Ninety-Nine SE-L said:


>


looks damn good if I say so myself.


----------



## Sentrixx (Apr 30, 2002)

Ninety-Nine SE-L said:


>



drop in a roll bar


----------



## Popkorn (Nov 16, 2003)

Just buy one.


----------



## funkpacket (Feb 13, 2004)

the people at asc incorporated are a the ones to ask if your seriously considering convertible conversions. THe ride would be straight garbage though.


----------



## Ninety-Nine SE-L (May 5, 2002)

Man, I had a dream I had an S15 convertable, I'm positive this thread influenced that dream.


----------



## Z_Spool (Sep 27, 2003)

It's called a Silvia Varietta.

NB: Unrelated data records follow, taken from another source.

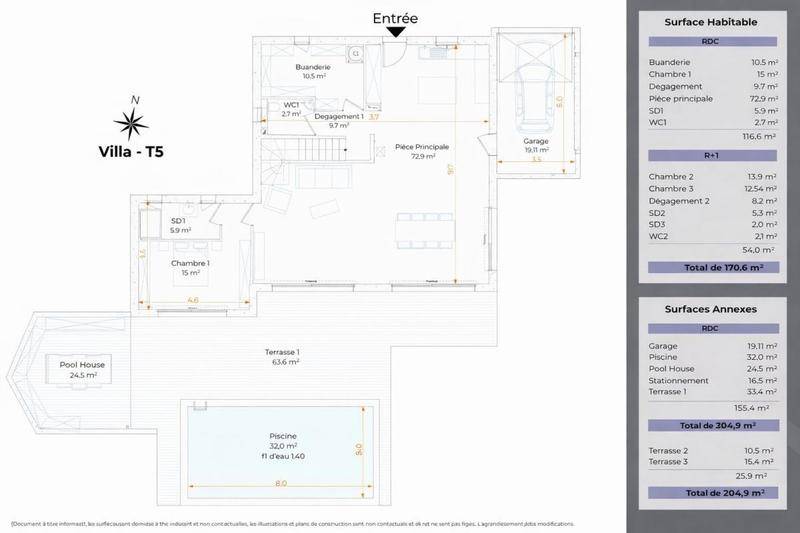 TERRAIN ET MAISONLe Lavandou La Fossette – Villa contemporaine 5 pièces avec piscine et double garage GFP Immobilier vous propose, dans le quartier très recherché de La Fossette au Lavandou, cette villa contemporaine neuve développant 144,20 m² habitables sur une parcelle d’environ 661 m², à proximité des plages et dans un environnement résidentiel privilégié. La maison se compose au rez-de-chaussée d’une vaste pièce de vie d’environ 64 m² largement ouverte sur les terrasses grâce à de grandes baies vitrées, d’une chambre avec salle d’eau et d’un WC indépendant. À l’étage, vous trouverez trois chambres supplémentaires, deux salles d’eau, un WC indépendant ainsi que plusieurs terrasses offrant des espaces extérieurs complémentaires. Les espaces de vie se prolongent sur une terrasse principale d’environ 59 m² donnant sur le jardin paysager et la piscine privative d’environ 24,5 m². La propriété dispose également d’un garage double d’environ 39,7 m² ainsi que d’un stationnement extérieur. La villa bénéficie de prestations contemporaines conformes à la réglementation thermique en vigueur, avec menuiseries aluminium double vitrage, volets roulants électriques centralisés, carrelage grand format, chauffage et climatisation par système air/air, chauffe-eau thermodynamique et VMC hygroréglable. Située dans un secteur calme et recherché du Lavandou, cette propriété offre un cadre de vie rare sur le littoral varois. Pour tout renseignement complémentaire ou pour organiser une visite, contactez GFP Immobilier, votre spécialiste du secteur du Lavandou et de Bormes-les-Mimosas.
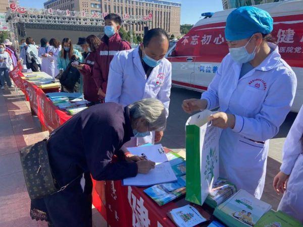本次“全民营养周”活动以“知营养 会运动 防肥胖 促健康”主题,宣传口号为:“健康中国 营养先行”“膳食新指南 健康常相伴”。现场共计给群众免费测量血压100余人,采取蒙汉双语为群众“零距离”解答日常生活中碰到的疾病咨询与防治知识,累计发放蒙汉宣传册1000余份。
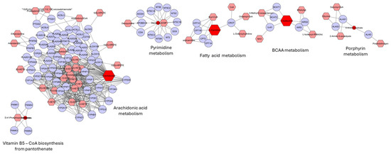 MetScape (v3.1.3; https://metascape.org/) analysis used to examine metabolites that are equally modulated by bladder cancer in both urine and bladder cancer tissue, highlighting the pathways in which these metabolites are actively involved. Enlarged red nodes correspond to metabolites found at higher levels, whereas smaller red nodes represent those present at lower levels in BCa settings. The metabolites from which the identified compounds may originate or derive are represented by pink hexagons, while the proteins (identified by gene name) involved in the metabolic processes are denoted by blue circles. The comprehensive details of pathway enrichment, including the associated metabolites for each pathway along with their corresponding FDR and p-values, are presented in Table S8.
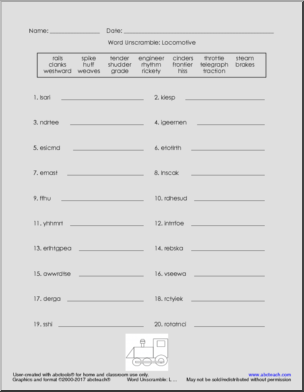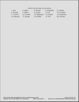 Vocabulary Puzzles: Locomotive (elem)
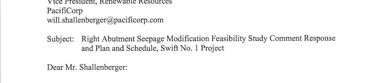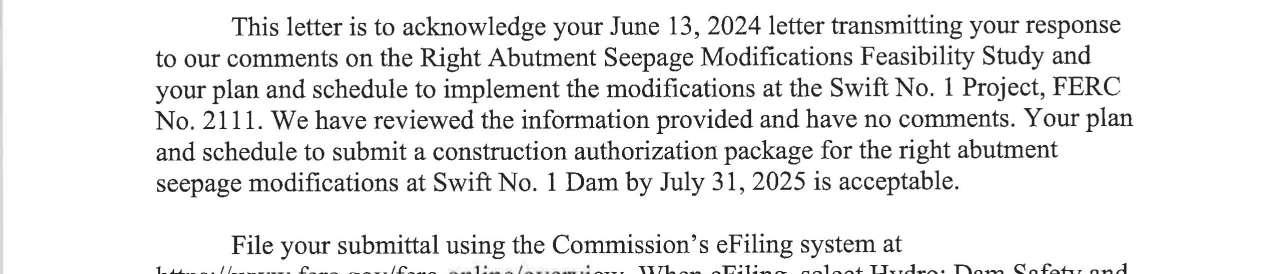 f. Federal Energy Regulatory Commission (FERC) Notice dated 9/16/2024 regarding the Right Abutment Seepage Modification Feasibility Study Comment Response and Plan and Schedule, Swift No. 1 Project. (13751)
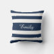 Personalized Modern Navy Blue Stripes Throw Pillow
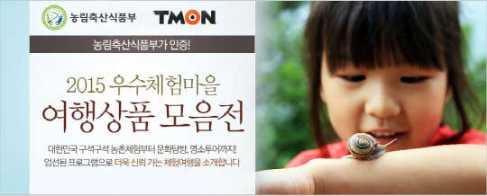 티켓몬스터(대표 신현성)가 운영하는 소셜커머스 티몬(www.tmon.co.kr)은 농림축산식품부와 손잡고 국내 농촌의 소득증대를 위한 '우수체험마을 여행상품 기획전'(사진)을 11월까지 진행한다고 24일 밝혔다.
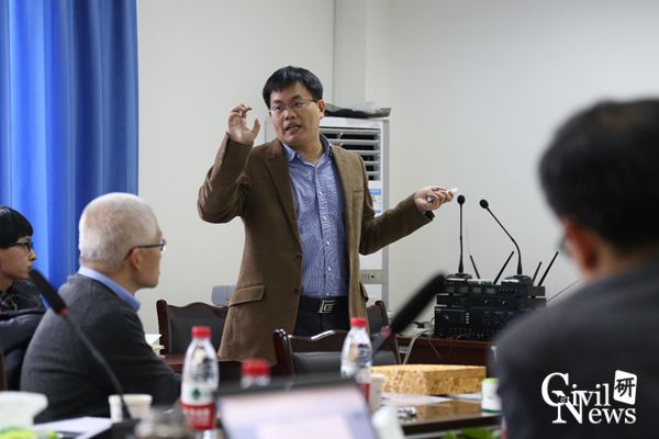 上午茶过后,河海大学贺瑞老师就海底大型圆柱薄壳型基础动力阻抗解析理论研究作了汇报,主要介绍了在现在比较热门的海上风机、风力发电背景下,对桩基振动理论的深入研究,讲到了winker模型、Novak薄层法等传统的桩基振动理论的局限性,提出了新型的桩基振动理论及其优点。接着太阳成集团tyc7111cc魏凯副教授就飓风作用下海上风力发电机组风险评估作了汇报,主要结合他在国外三年的研究工作从近海风电场研究需求、近海风机单桩基础全寿命期和潮间带风机单桩基础实验等方面作了详细介绍,至此,上午汇报结束。
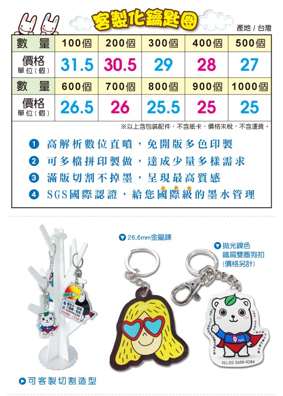 個別包裝:每個鑰匙圈入一自黏袋。如要紙卡價格另計,可客製印製全彩圖樣(限同圖檔)。
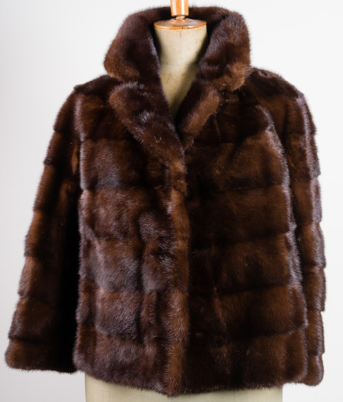 Chaqueta de lomos de visón marrón dispuestos en horizontal. Cierre de enganche e interior forrado en tela. Talla S/M.
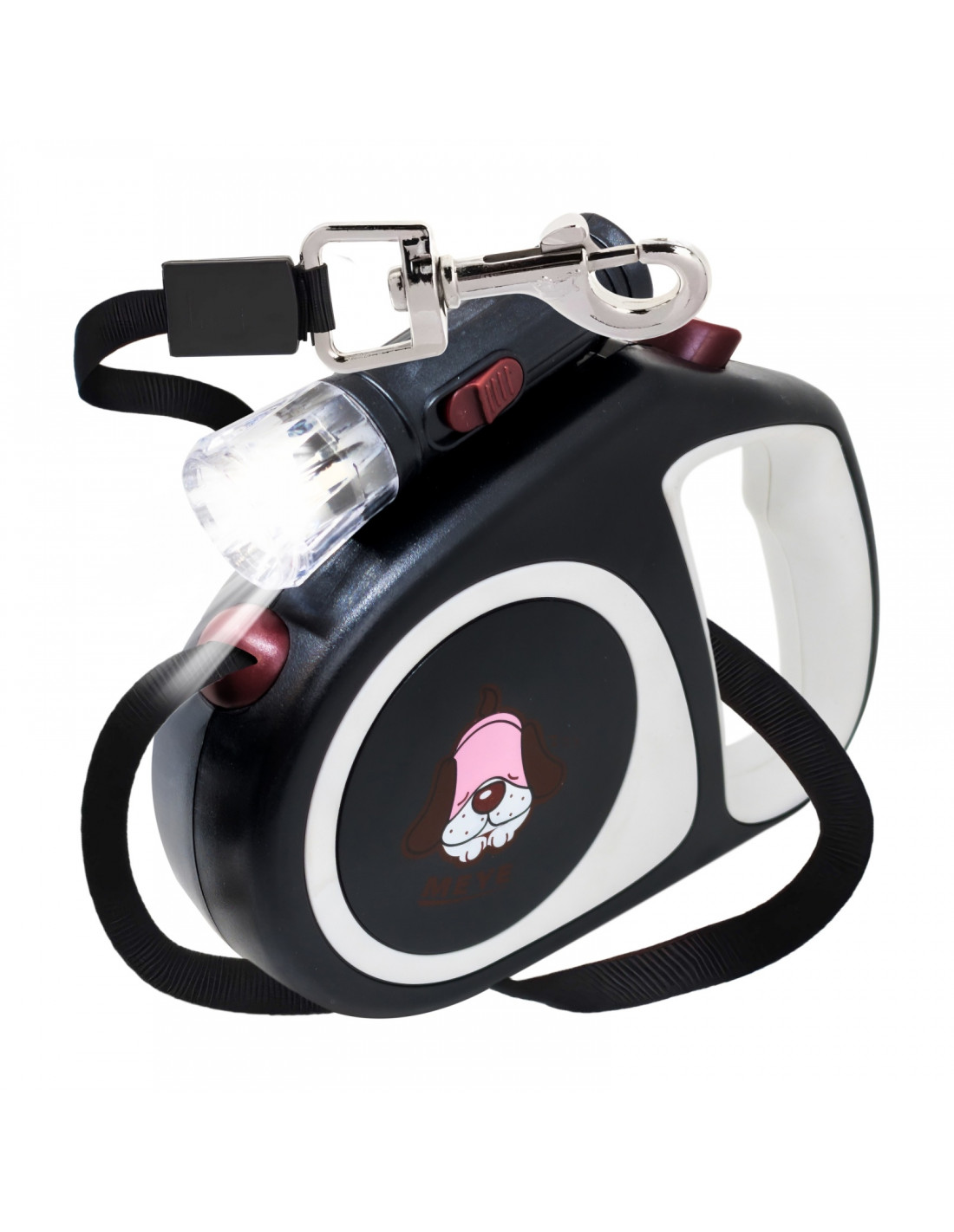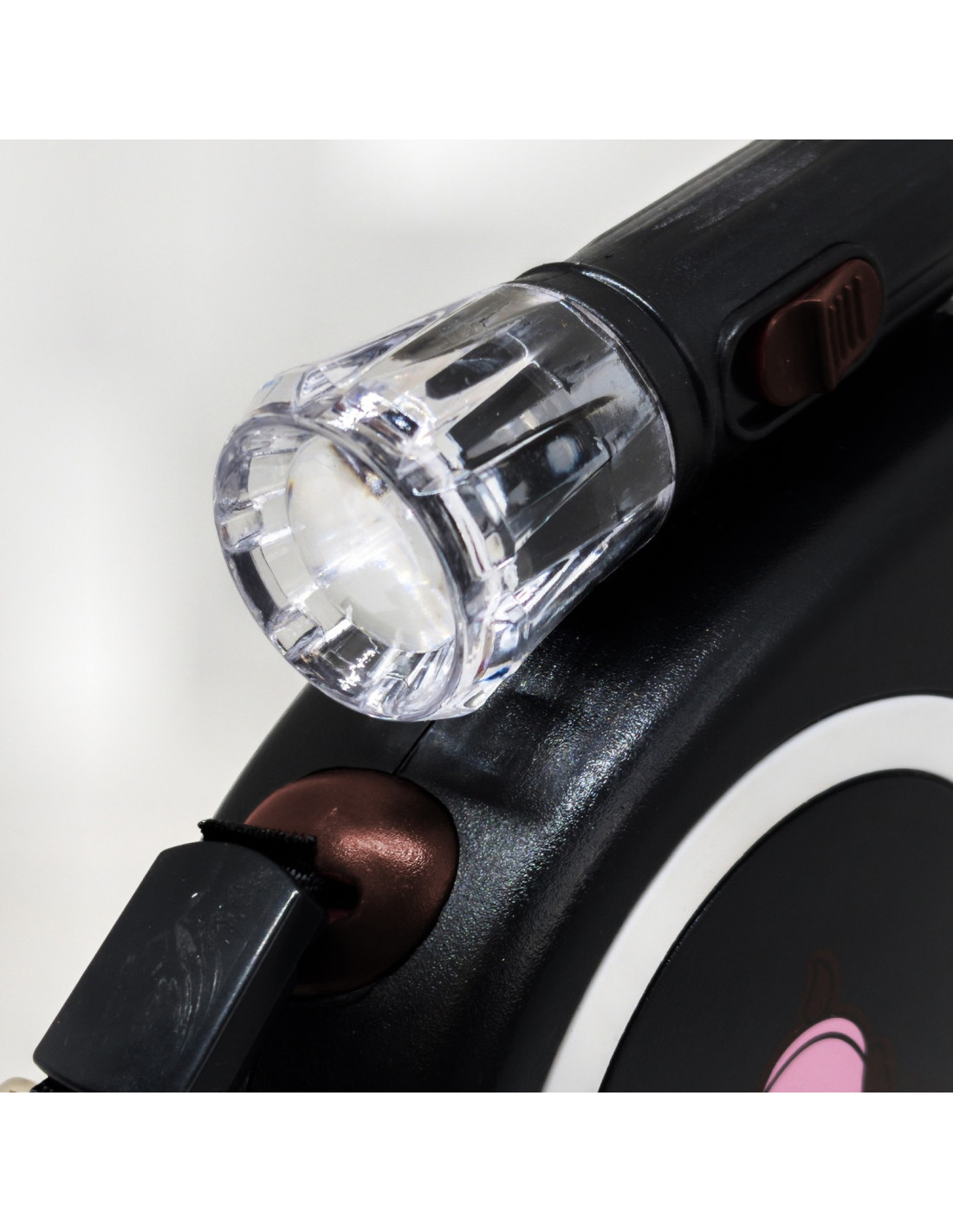Automatinis ištraukiamas pavadėlis šunims ir katėms su spyna ir LED žibintuvėliu iki 15 kg, 5 m - juodas
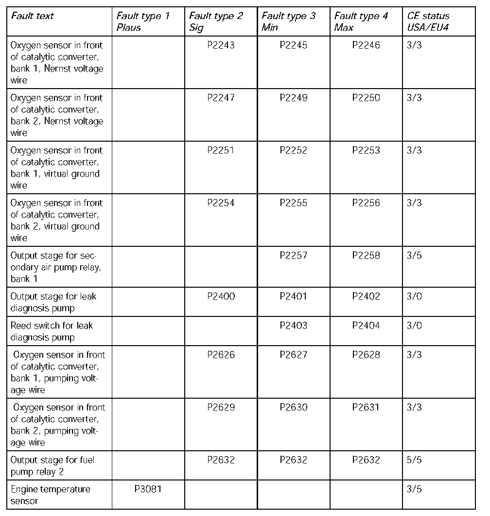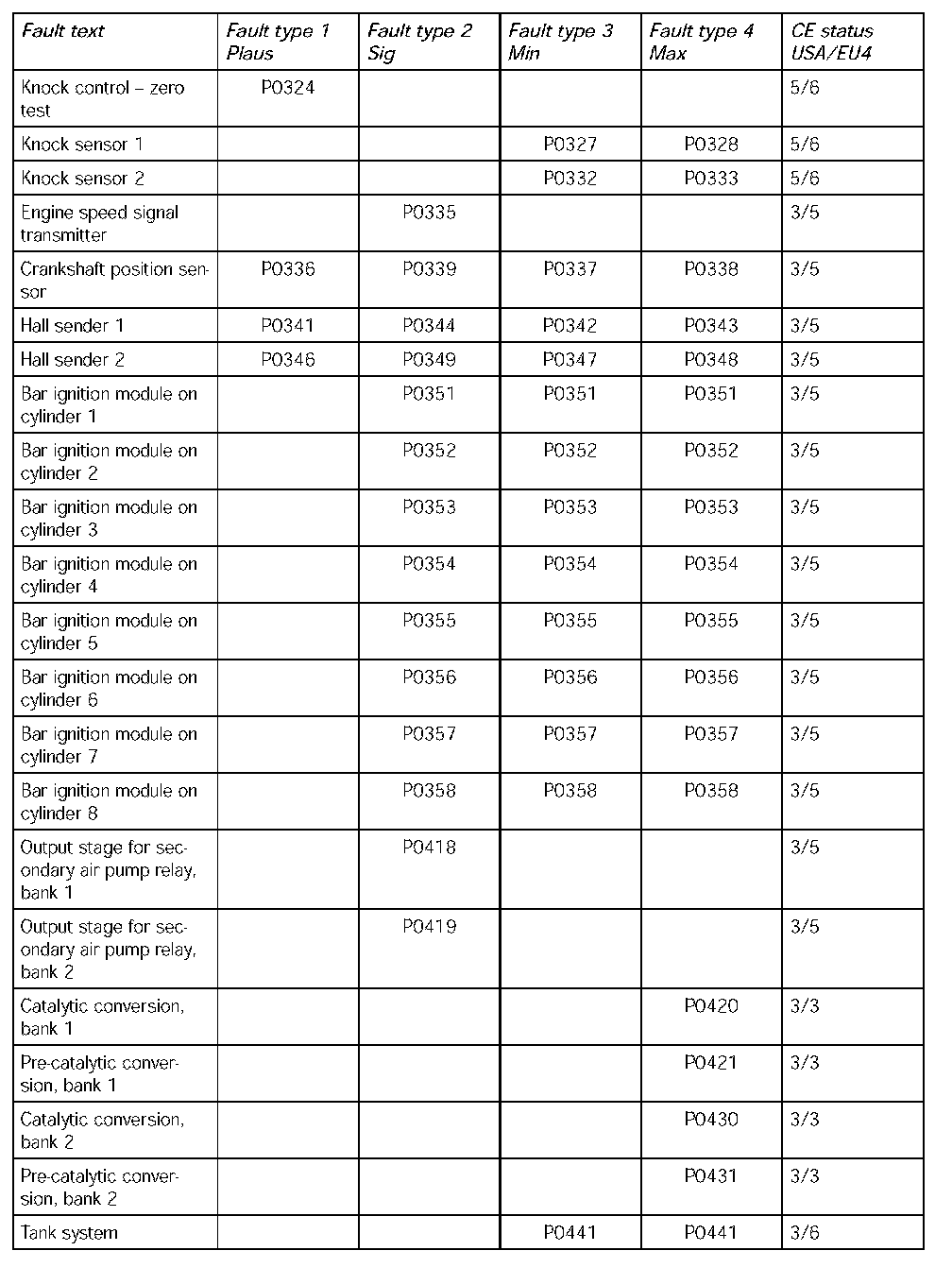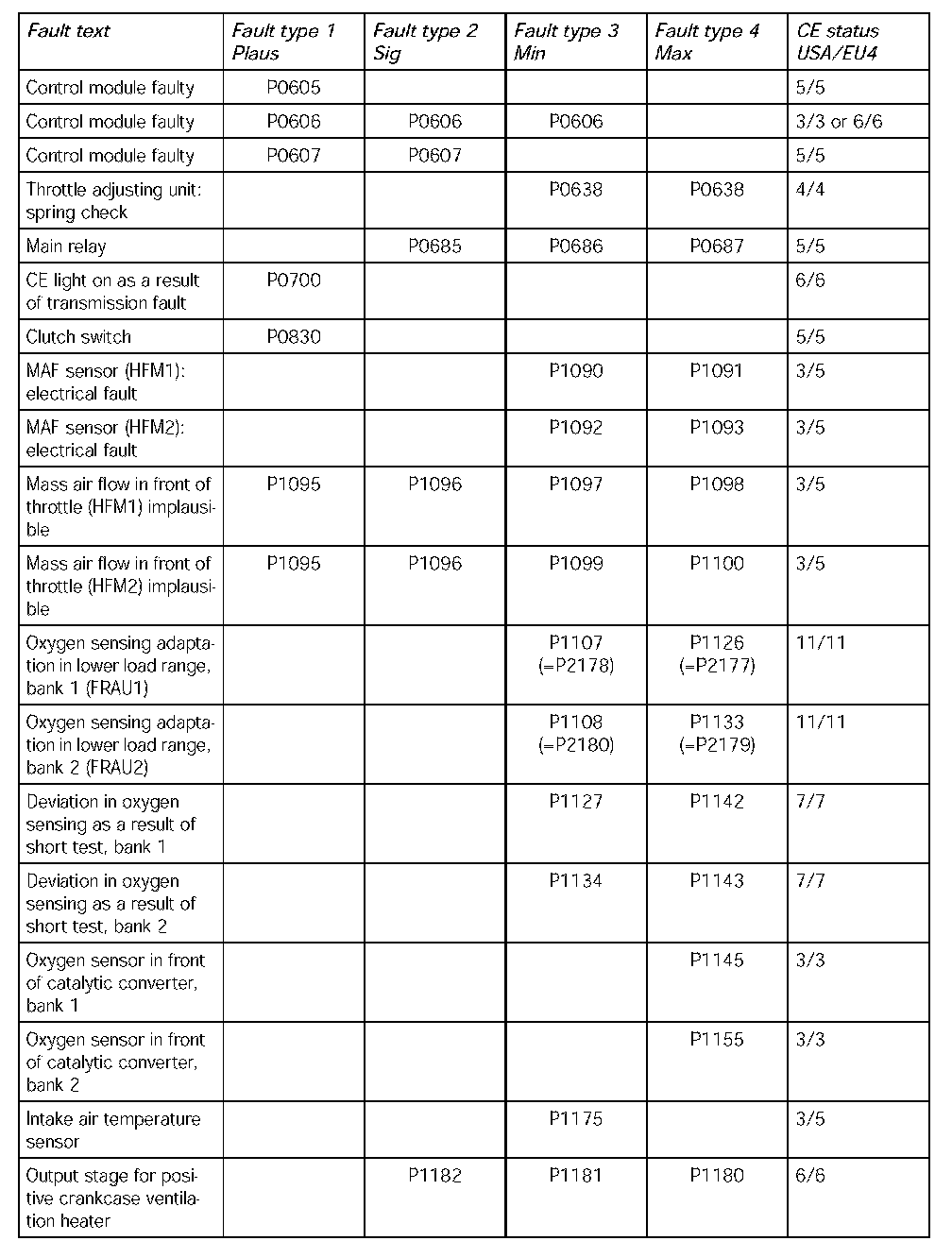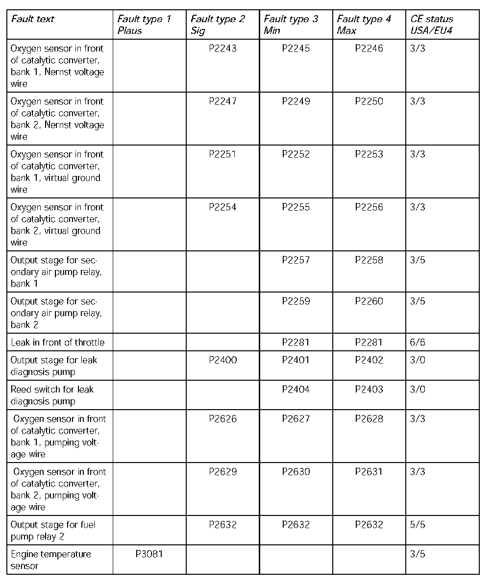- The following table contains the fault codes for the DME 7.1.1 in V8 naturally aspirated and turbocharged engines and in V6 naturally aspirated engines in the USA. It also includes the codes for countries adhering to the EU4 emission standard and rest of the world countries.
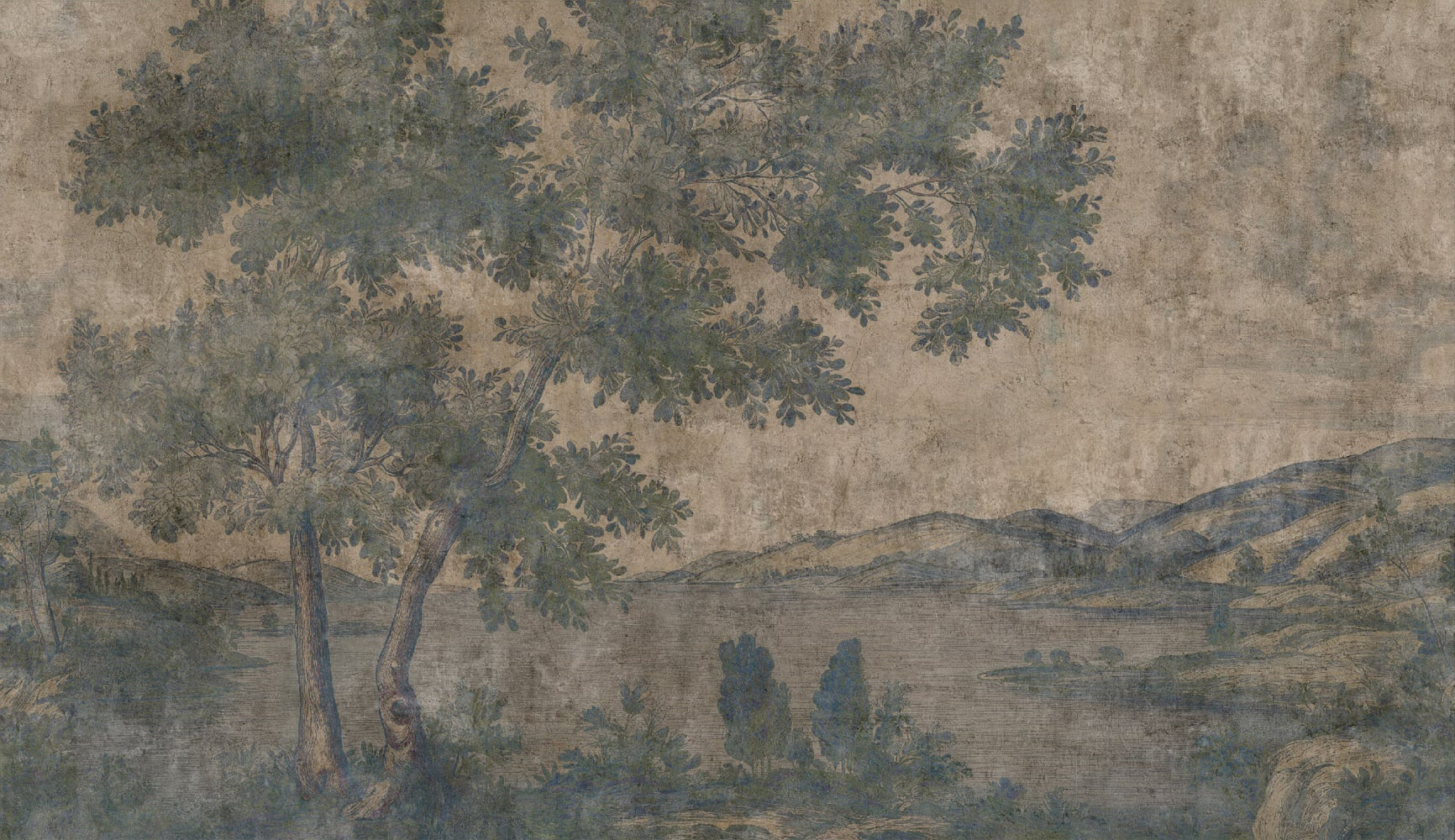 Horizon Gaze Cream wallpaper exprimă eterna dorință de a privi dincolo. Ea invită la căutarea frumuseții și a sensului acolo unde pământul se întâlnește cu cerul. Această murală lucrată manual este un tablou poetic panoramic, pictat cu degraduri blânde de albastru, terracotă și verde pal. Evocă peisaje scăldate în lumină aurie.

The ultimate Silvia IMO. S15 with convertible hard-top.


----------



## himbo (Sep 20, 2003)

i might get reamed by you guys for this, but i dont usually like convertibles. only a few here and there. if i had an s2k, i would get a c/f Mugen hardtop for it. i dunno, thats just me


----------



## Ninety-Nine SE-L (May 5, 2002)

yes, I've seen the varietta on the interweb before. damn, that's the color I dremt about too.


----------



## funkpacket (Feb 13, 2004)

hardtops make the baby jesus smile


----------



## CHRIS/SR/SE (Dec 15, 2003)

himbo said:


> i might get reamed by you guys for this, but i dont usually like convertibles. only a few here and there. if i had an s2k, i would get a c/f Mugen hardtop for it. i dunno, thats just me


If you ever get the chance ride in a S2000 with a hardtop.... It's hell, the racket makes you wish you had ear plugs in. The soft top up is much more tolerable.


----------



## himbo (Sep 20, 2003)

CHRIS/SR/SE said:


> If you ever get the chance ride in a S2000 with a hardtop.... It's hell, the racket makes you wish you had ear plugs in. The soft top up is much more tolerable.


oh i know, i ridden in one with the c/f mugen hardtop, i dunno, i amplifies the sound like crazy, almost like you're in an F1 car. its one of those cars thats perfect for the sunday drive, at the racetrack :thumbup: 

plus the c/f hardtop looks AMAZING!!!!!!!!!!!


----------